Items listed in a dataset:
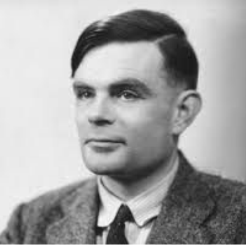
Alan Turing Wartime code breaker/ computing pioneer
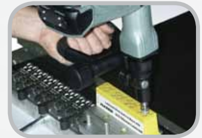
Electric Powered Rivet Driver Installation
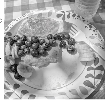
Blueberries, pancakes, syrup

Some of our local merchants are participating by donating food for the event to keep costs down. We will be thanking those merchants in our next monthly newsletter.
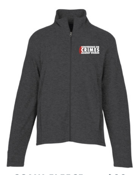
CCAW FLEECE • $30

● **WHAT YOU ARE ASKED TO DO**:
The result should hold only the lines from the line with "Some of our" through the final line of the records above, copied exactly, with pictures left out.

● **YOUR RESPONSE**:
Some of our local merchants are participating by donating food for the event to keep costs down. We will be thanking those merchants in our next monthly newsletter.
CCAW FLEECE • $30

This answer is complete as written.